▶ INSTRUCTIONS FOR THE TASK: Only the lines below from the one that holds "七十二候 第四十三候 草露白" through the one that holds "The logotype for" should appear in the answer, copied exactly, end lines included and pictures omitted.

▶ SOURCE DATA:
= = = =
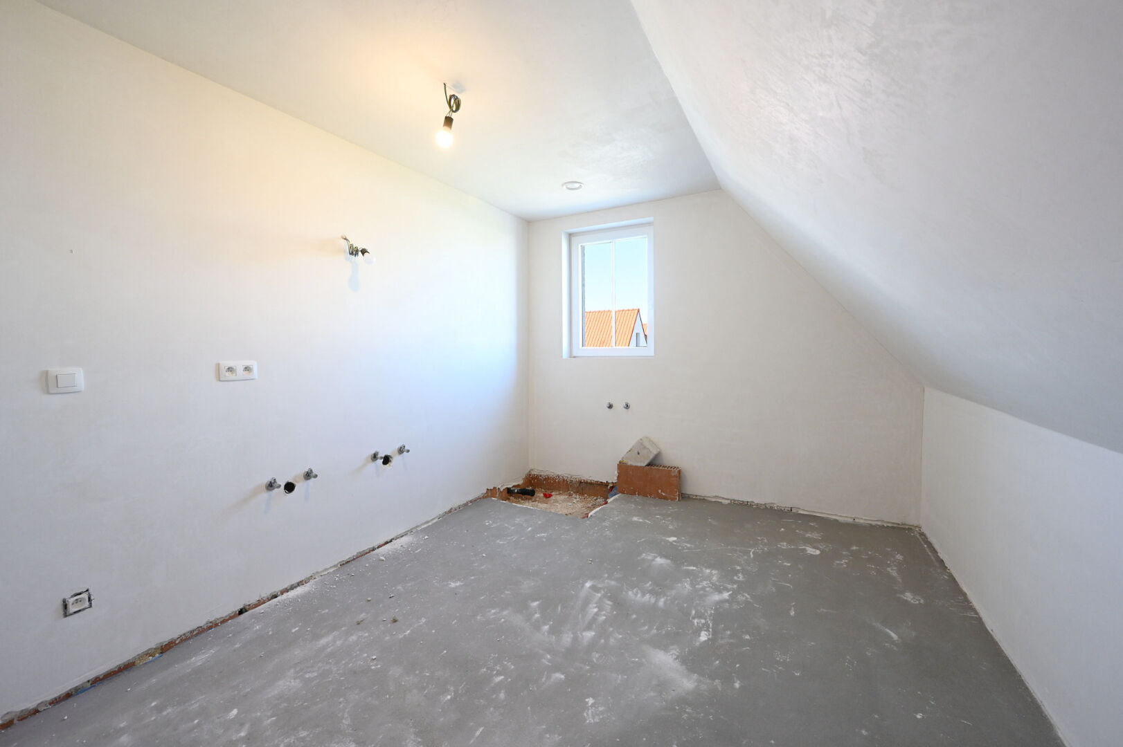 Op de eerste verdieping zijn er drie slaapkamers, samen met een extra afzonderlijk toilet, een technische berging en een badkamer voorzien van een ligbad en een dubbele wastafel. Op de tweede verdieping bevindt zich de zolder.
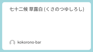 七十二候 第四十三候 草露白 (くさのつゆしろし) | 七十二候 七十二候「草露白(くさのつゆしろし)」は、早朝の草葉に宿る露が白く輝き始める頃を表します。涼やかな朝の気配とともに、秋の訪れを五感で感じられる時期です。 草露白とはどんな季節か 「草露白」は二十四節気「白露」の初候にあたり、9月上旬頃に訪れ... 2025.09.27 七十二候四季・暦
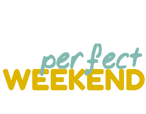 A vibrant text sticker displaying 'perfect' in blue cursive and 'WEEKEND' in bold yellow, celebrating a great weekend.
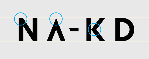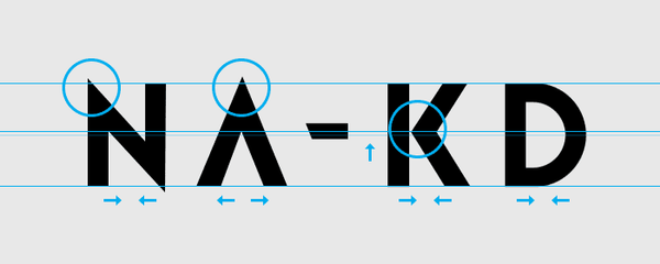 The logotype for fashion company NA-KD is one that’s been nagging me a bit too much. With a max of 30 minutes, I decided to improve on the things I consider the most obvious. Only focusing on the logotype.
= = = =
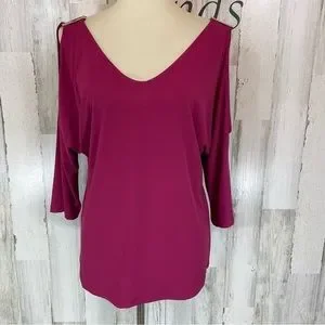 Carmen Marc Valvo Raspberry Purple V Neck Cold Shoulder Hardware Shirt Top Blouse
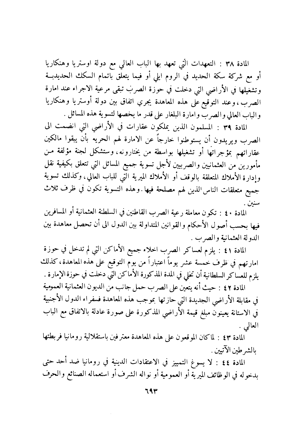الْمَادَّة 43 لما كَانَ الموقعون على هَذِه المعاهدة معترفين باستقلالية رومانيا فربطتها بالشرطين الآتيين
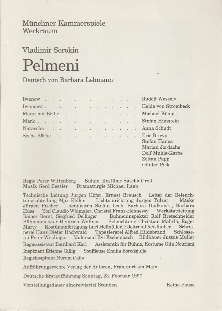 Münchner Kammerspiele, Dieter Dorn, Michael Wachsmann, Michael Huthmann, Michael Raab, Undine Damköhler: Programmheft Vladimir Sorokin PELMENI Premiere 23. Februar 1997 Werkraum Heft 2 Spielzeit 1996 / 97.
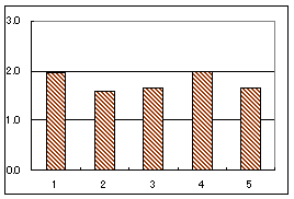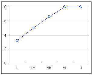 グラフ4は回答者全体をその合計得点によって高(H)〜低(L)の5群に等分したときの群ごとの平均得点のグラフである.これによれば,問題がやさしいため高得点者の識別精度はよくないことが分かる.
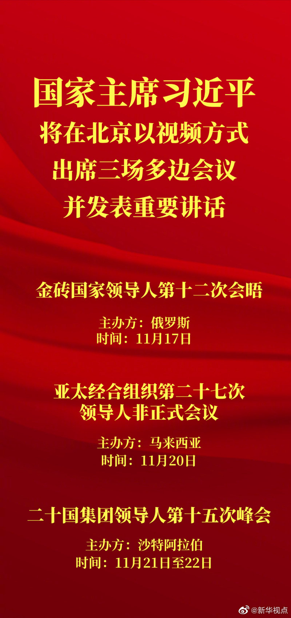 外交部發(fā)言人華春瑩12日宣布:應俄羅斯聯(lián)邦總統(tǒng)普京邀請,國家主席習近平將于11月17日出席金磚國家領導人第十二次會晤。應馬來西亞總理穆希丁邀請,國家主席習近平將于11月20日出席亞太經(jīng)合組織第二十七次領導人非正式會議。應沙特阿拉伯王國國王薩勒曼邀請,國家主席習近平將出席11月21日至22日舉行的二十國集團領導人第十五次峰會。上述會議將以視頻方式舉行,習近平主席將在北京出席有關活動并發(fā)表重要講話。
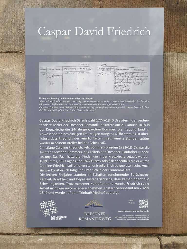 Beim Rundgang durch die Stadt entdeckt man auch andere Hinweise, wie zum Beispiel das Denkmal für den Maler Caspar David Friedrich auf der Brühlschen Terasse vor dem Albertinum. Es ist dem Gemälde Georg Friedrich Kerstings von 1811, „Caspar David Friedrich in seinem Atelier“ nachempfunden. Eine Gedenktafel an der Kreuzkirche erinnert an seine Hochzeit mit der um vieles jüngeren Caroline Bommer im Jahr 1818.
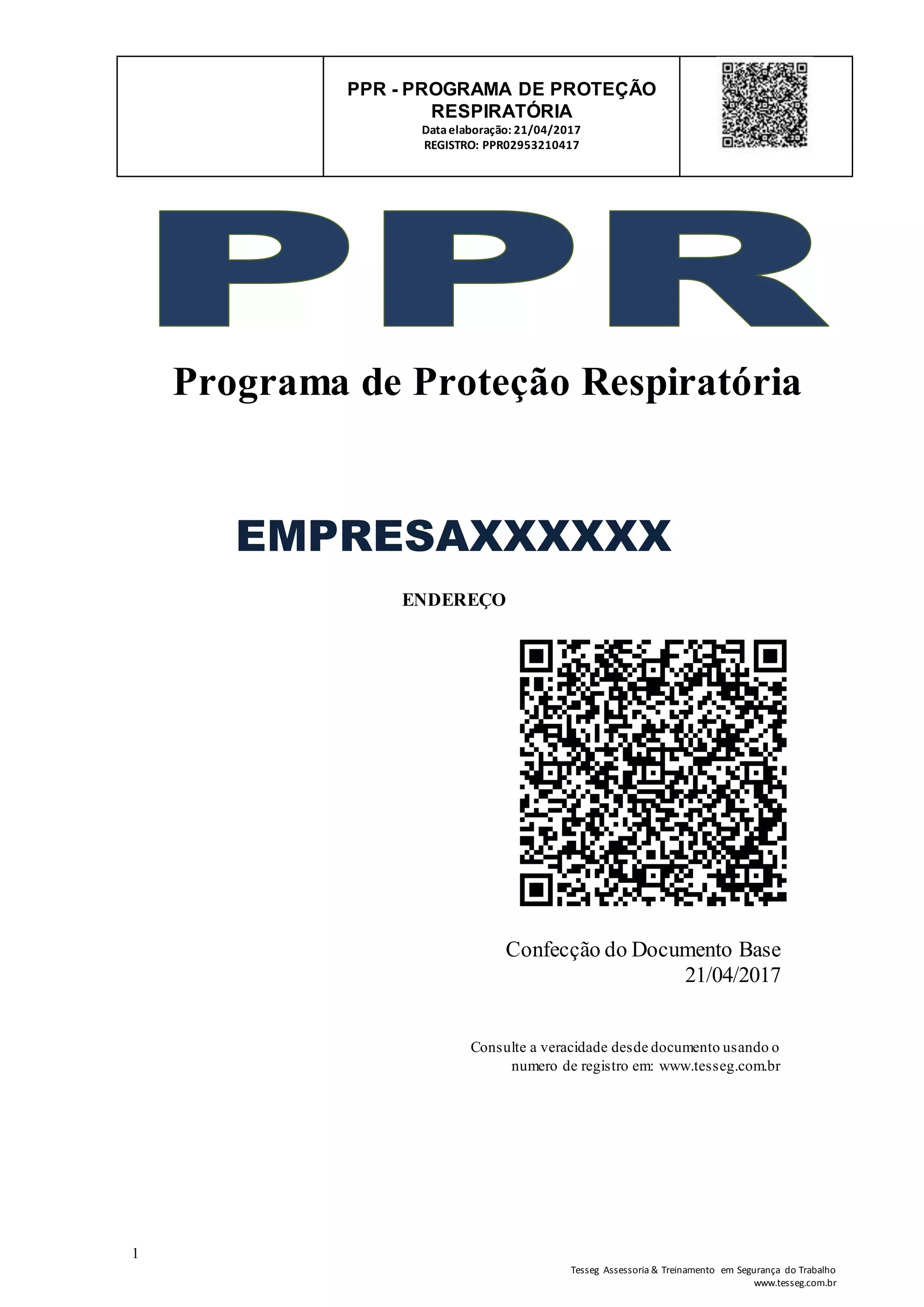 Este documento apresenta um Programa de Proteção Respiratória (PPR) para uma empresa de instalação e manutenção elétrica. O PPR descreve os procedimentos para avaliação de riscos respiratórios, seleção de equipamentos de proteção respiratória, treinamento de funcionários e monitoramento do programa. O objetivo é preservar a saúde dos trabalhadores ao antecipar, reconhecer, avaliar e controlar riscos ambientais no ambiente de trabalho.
= = = =
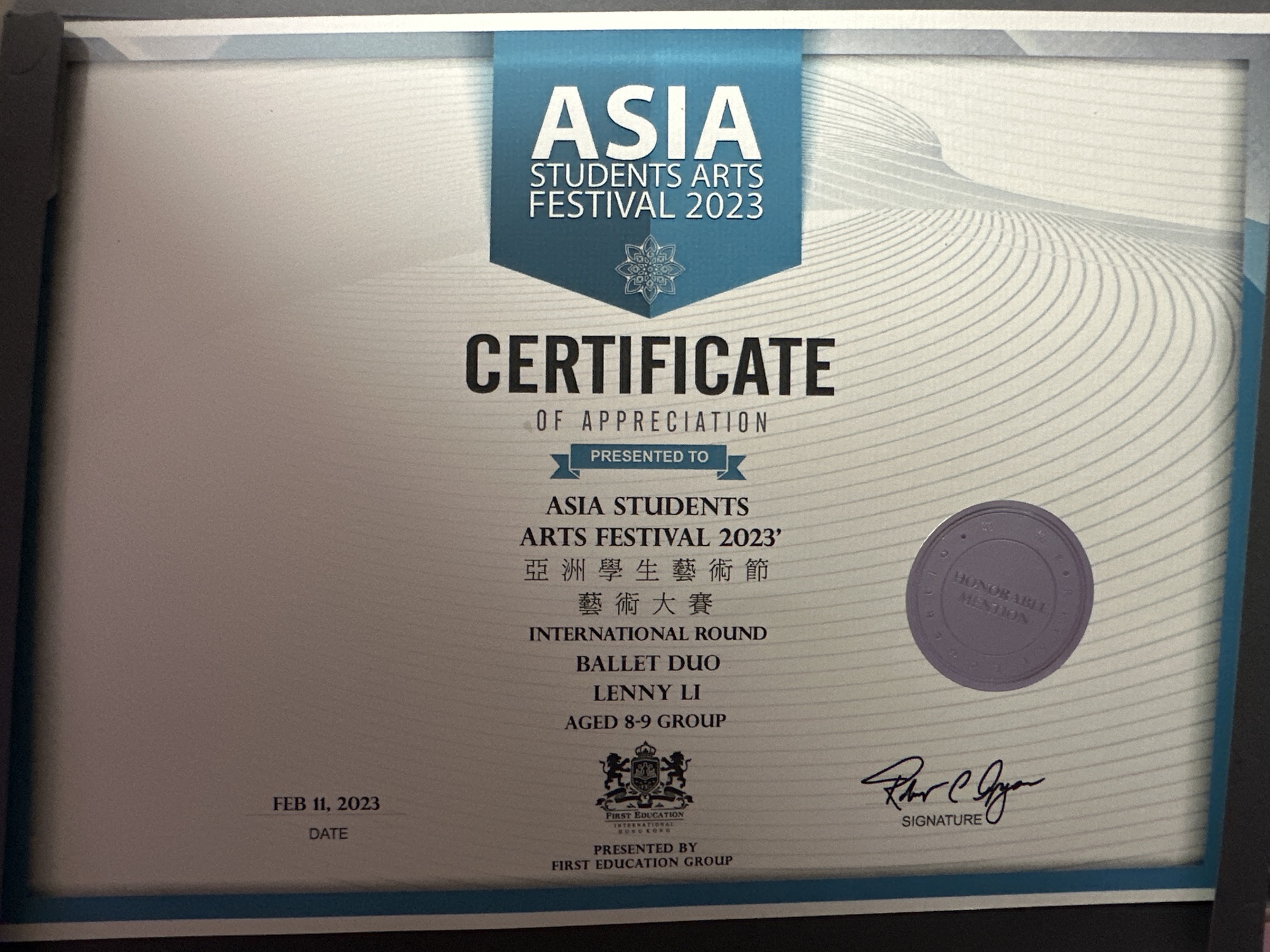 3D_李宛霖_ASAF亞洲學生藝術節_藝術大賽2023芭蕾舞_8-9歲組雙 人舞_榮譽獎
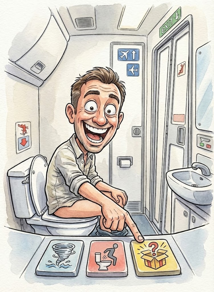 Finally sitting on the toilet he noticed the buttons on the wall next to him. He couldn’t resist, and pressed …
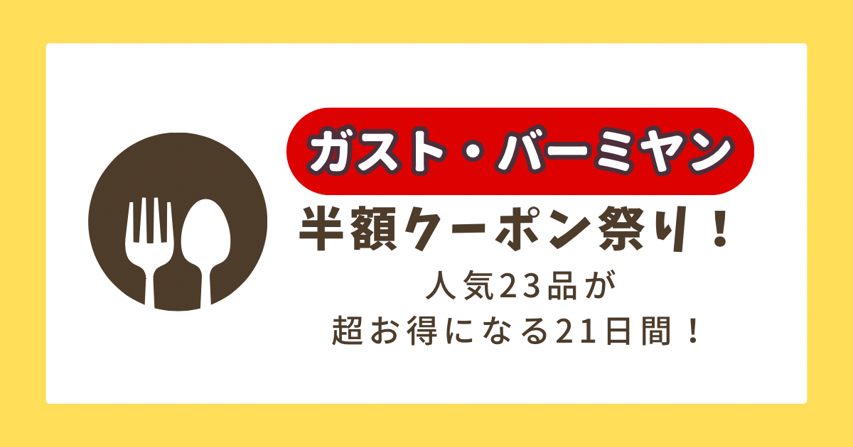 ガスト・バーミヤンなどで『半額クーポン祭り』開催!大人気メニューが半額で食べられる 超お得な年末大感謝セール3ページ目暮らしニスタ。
= = = =
▶ EXPECTED ANSWER:
 七十二候 第四十三候 草露白 (くさのつゆしろし) | 七十二候 七十二候「草露白(くさのつゆしろし)」は、早朝の草葉に宿る露が白く輝き始める頃を表します。涼やかな朝の気配とともに、秋の訪れを五感で感じられる時期です。 草露白とはどんな季節か 「草露白」は二十四節気「白露」の初候にあたり、9月上旬頃に訪れ... 2025.09.27 七十二候四季・暦
 A vibrant text sticker displaying 'perfect' in blue cursive and 'WEEKEND' in bold yellow, celebrating a great weekend.
 The logotype for fashion company NA-KD is one that’s been nagging me a bit too much. With a max of 30 minutes, I decided to improve on the things I consider the most obvious. Only focusing on the logotype.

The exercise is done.